今日はこの話題を極々簡単に……
9月4,5日に中国・杭州で開かれるG20サミットを前に、あたふたしています。杭州や周辺の地域では、今月24日から地元政府が大気汚染対策として、汚染物質を排出する工場などに対して、来月6日まで操業を停止させる措置を始めました。中には、会場から100キロ以上離れた上海の一部の工場でも操業を停止するそうです。
既に、全国から公安、軍など50万人を動員。空港や地下鉄駅などには武装要員を配置し、会場となる浙江省杭州市では50メートルおきに検問を設け、5分おきにヘリコプターが上空を巡視。更には、サミット会場付近には大量の装甲車や戦闘車両を並べるなど厳戒態勢を敷いているようです。
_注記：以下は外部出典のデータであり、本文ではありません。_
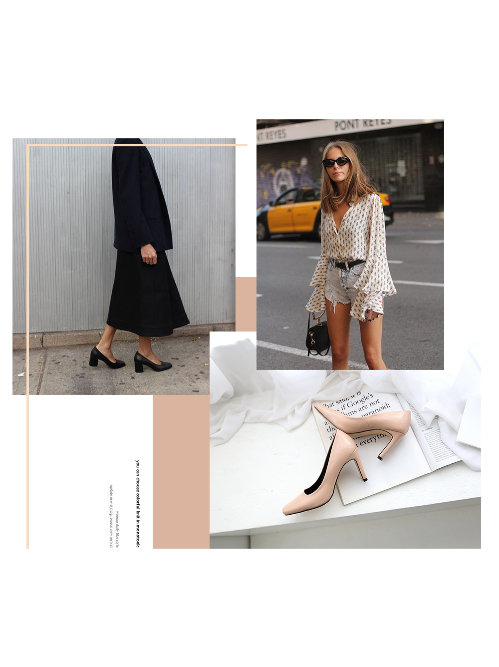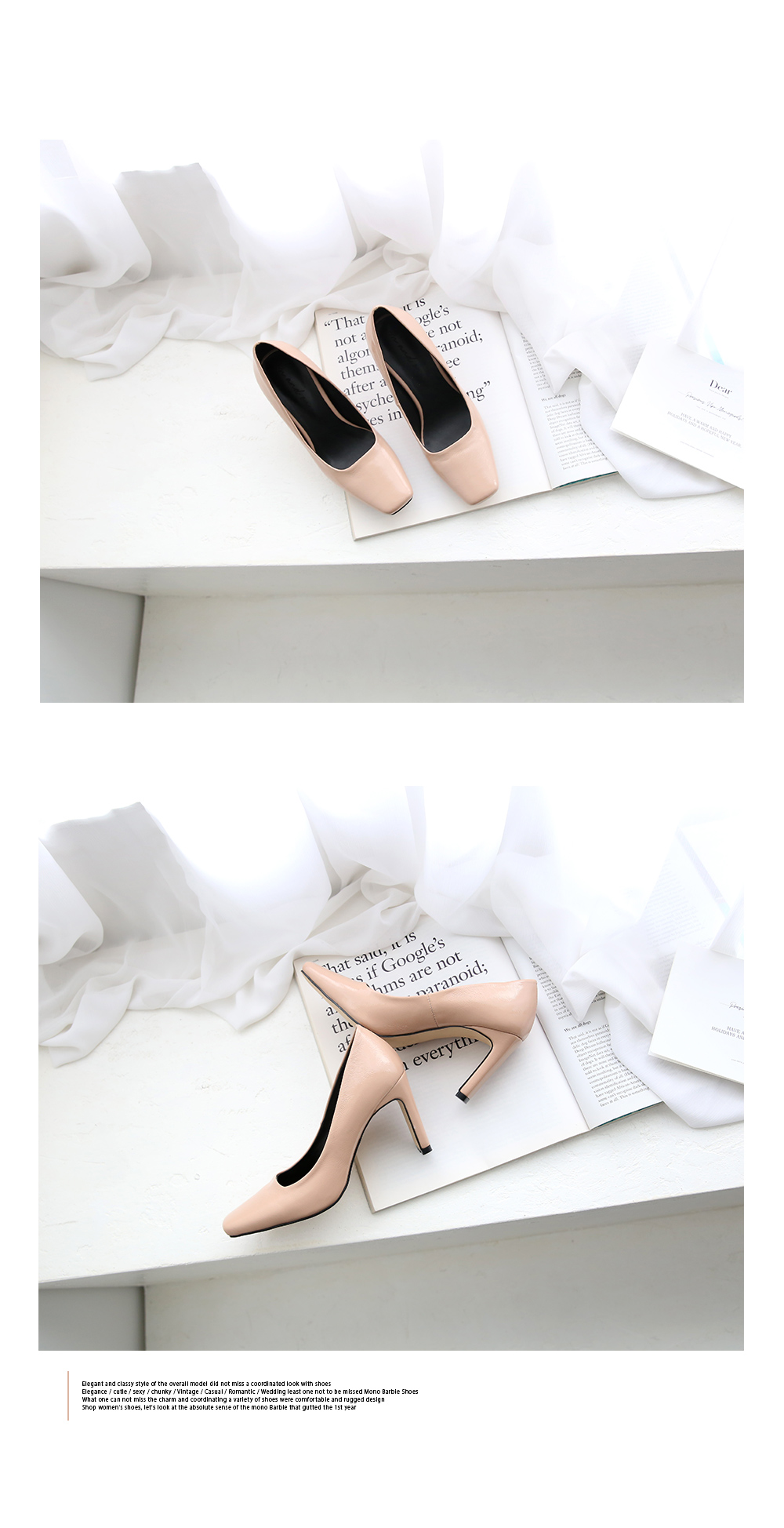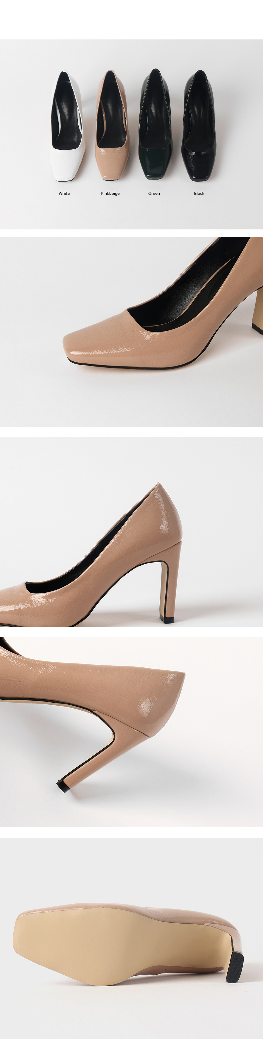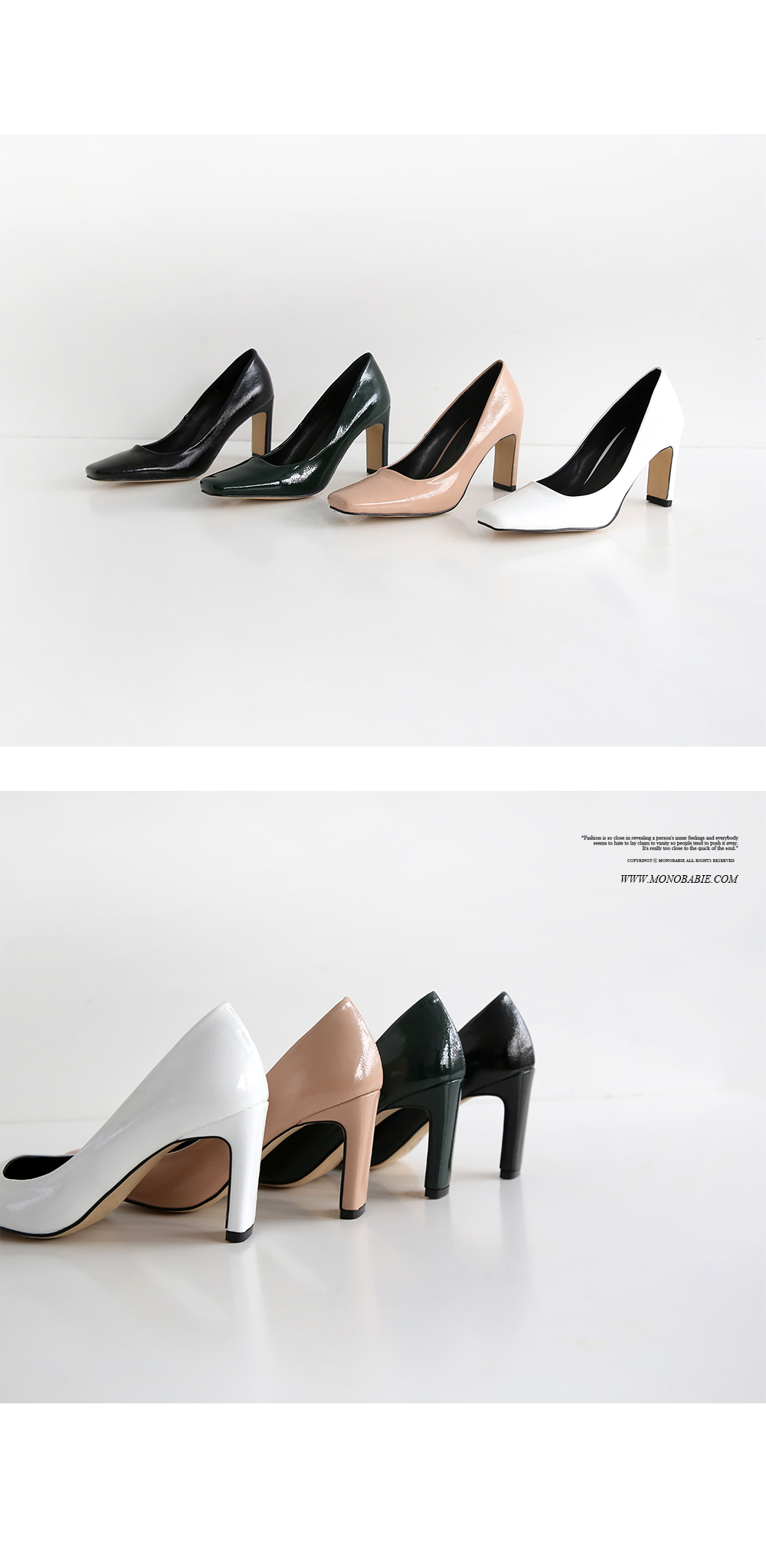 Point square toe pumps 스퀘어진 토가 클래시한 펌프스입니다. 광택감이 느껴지는 텍스쳐와 형태감있는 굽으로 굉장히 멋스럽게 착화되고 베이직컬러로만

相当なものですね。
逆にいえば、それだけテロなどを恐れているということです。
中国当局は、ウイグル族の動向を監視し、住民からの情報に数百元の賞金を掛けるなどして、テロリストの中国流入を警戒しているそうです。
中国にとって、気に掛けなければならないのはそれだけではありません。G20の会談内容そのものもそうです。
南シナ海の人工島や尖閣への挑発行動。南シナ海の九段線問題では、国際仲裁裁判所から完全否定されたにも関わらず、その手を控えようとはしません。
G20の議題に上がるのが普通ですね。
中国はG20でそれを議論するのは嫌な筈です。この問題についてはフルボッコされるのは確実だからです。仲裁裁判所の判決を無視しているのですから、国際法を守らぬ無法者として糾弾されてしまいますね。
また、南シナ海、東シナ海だけでなく、THAADの韓国配備や北朝鮮の核開発、ミサイル問題も俎上に上がる可能性があります。これも嫌でしょうね。
中国はTHAADの韓国配備に猛反発しています。
ありとあらゆる手を使って阻止しようとしています。先日、東京で行われた中韓外相会談でも、韓国のユン・ビョンセ長官に対し「THAADを取るか、韓中関係を取るか」と脅しましたし、今月3日に北朝鮮がノドンを発射したことに対する国連での批難声明採択でも、声明に『THAAD反対』を盛り込めと駄々を捏ね、結局採択できずに終わっています。
もう形振り構わず必死です。
おそらく、中国は、この辺りの自分に都合の悪い話は二国間協議で話す問題だとして逃げ、都合のよいところだけをG20全体会合で議論しようと動くと思いますけれども、他のG20の面々がそれを是とするかはまた別の話です。既に水面下で調整が行われていると思いますけれども、最終的にG20としてどんな声明が採択されるのかは、注目すべきと思いますね。